**Exercise inputs**
= = =
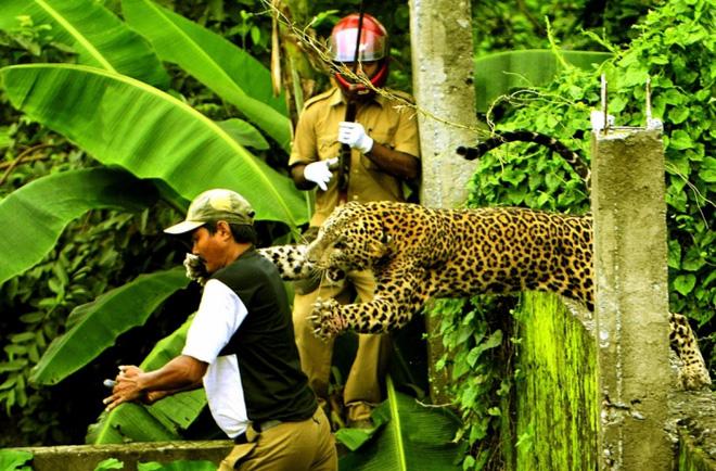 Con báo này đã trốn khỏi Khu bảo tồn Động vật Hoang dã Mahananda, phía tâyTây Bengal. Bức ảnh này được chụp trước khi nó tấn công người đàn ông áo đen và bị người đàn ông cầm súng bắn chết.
= = =
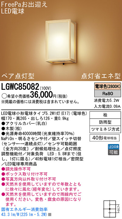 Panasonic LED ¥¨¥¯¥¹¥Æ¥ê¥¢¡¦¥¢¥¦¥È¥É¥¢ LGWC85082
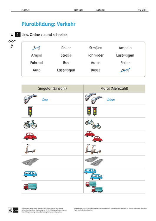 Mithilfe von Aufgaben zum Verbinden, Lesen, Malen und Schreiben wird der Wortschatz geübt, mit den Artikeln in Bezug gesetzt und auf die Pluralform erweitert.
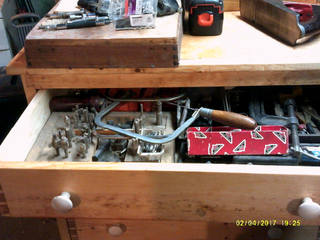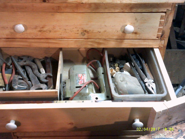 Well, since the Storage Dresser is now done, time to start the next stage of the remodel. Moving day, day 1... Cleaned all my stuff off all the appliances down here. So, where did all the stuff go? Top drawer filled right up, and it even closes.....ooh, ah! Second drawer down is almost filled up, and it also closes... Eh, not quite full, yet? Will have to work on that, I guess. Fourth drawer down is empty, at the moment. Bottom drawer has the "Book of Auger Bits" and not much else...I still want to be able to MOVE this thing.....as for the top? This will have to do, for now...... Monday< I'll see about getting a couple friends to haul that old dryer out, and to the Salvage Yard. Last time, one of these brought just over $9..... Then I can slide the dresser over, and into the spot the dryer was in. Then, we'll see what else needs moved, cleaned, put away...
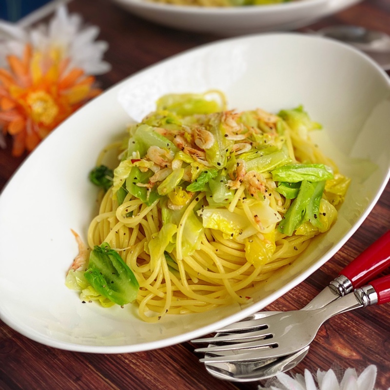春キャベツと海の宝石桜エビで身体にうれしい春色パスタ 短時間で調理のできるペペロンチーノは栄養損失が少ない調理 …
= = =
**Work item**
Output only the lines above from the line that holds "Well, since the" through the line that holds "春キャベツと海の宝石桜エビで身体にうれしい春色パスタ 短時間で調理のできるペペロンチーノは栄養損失が少ない調理 …", both ends included, and exclude pictures.

**Your solution**
 Well, since the Storage Dresser is now done, time to start the next stage of the remodel. Moving day, day 1... Cleaned all my stuff off all the appliances down here. So, where did all the stuff go? Top drawer filled right up, and it even closes.....ooh, ah! Second drawer down is almost filled up, and it also closes... Eh, not quite full, yet? Will have to work on that, I guess. Fourth drawer down is empty, at the moment. Bottom drawer has the "Book of Auger Bits" and not much else...I still want to be able to MOVE this thing.....as for the top? This will have to do, for now...... Monday< I'll see about getting a couple friends to haul that old dryer out, and to the Salvage Yard. Last time, one of these brought just over $9..... Then I can slide the dresser over, and into the spot the dryer was in. Then, we'll see what else needs moved, cleaned, put away...
春キャベツと海の宝石桜エビで身体にうれしい春色パスタ 短時間で調理のできるペペロンチーノは栄養損失が少ない調理 …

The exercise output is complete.